American sociologist and author

Jennifer Anne Reich is an American sociologist, researcher and author at the University of Colorado Denver. Her research interests include healthcare, adolescence, welfare, and policy. Her work on vaccine hesitancy gained widespread attention during the 2019 measles outbreaks. She is the author of three books and numerous journal articles.

==Education==

Reich attended Calabasas High School and subsequently earned her B.A. at the University of California, Santa Barbara and her M.A. and Ph.D. at the University of California, Davis. She has been a tenured professor at the University of Denver, where she was a faculty member for ten years and is currently a tenured and full professor at the University of Colorado Denver.

Reich is Vice President of the American Sociological Association.

==Vaccine hesitancy==
Reich spent nearly ten years exploring what motivates some parents to decline inoculations for their children, or delay them. Her interviews with parents and subsequent research are presented in her 2016 book Calling the Shots: Why Parents Reject Vaccines. She sees vaccine hesitancy as a consequence of societal pressures on parents (especially middle-class mothers) to make choices that are uniquely suited to their own children in terms of health and education, to maximize their chances of success in life: "We do vaccines in a way that has been shown to be scientifically the most efficacious and the safest and also the easiest to distribute at a national level. But for parents who really prioritize each child in their family as an individual, they don't accept this kind of logic." Working full-time on their kids, these parents are inclined to disregard generic advice dispensed by health professionals.

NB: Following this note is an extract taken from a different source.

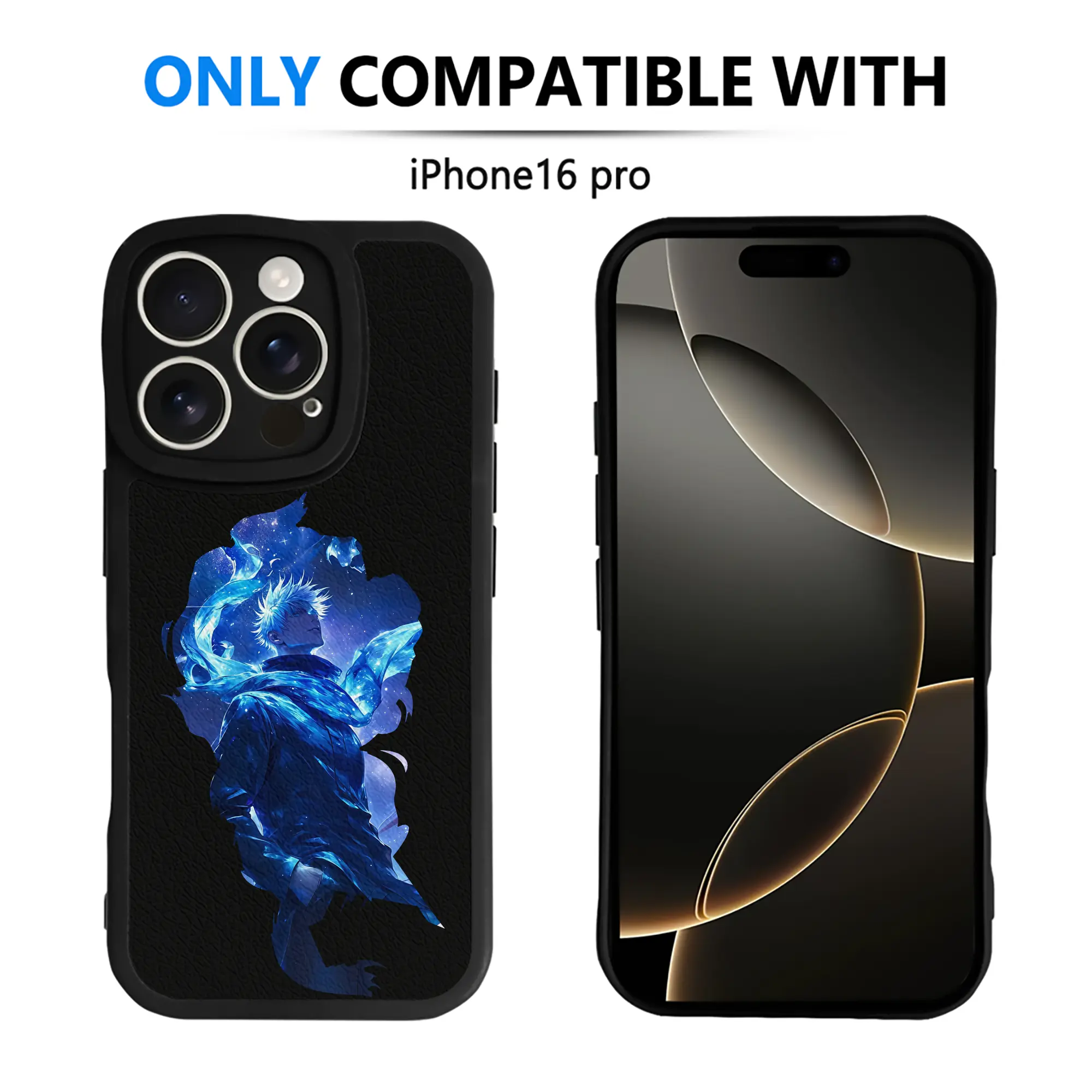 呪術廻戦 グッズ,五条 悟 - IPhone 16シリーズ対応 ・ シリコンスマホケース ・ レザー調 ・ 高精度フィット ・ 耐衝撃 ・ ワイヤレス充電対応 ・ 精密カット

Facing a steady stream of misleading information, pediatricians and public health professionals have to know what motivates parents to be reluctant about vaccines, and to adjust how they communicate, says Reich. She suggests pediatricians have more success having a fruitful dialogue when they can communicate with empathy, parent-to-parent. How to put the focus on collective benefits - explaining own inoculation better protects all children - may be a way for public health authorities to overcome the reluctance of many parents.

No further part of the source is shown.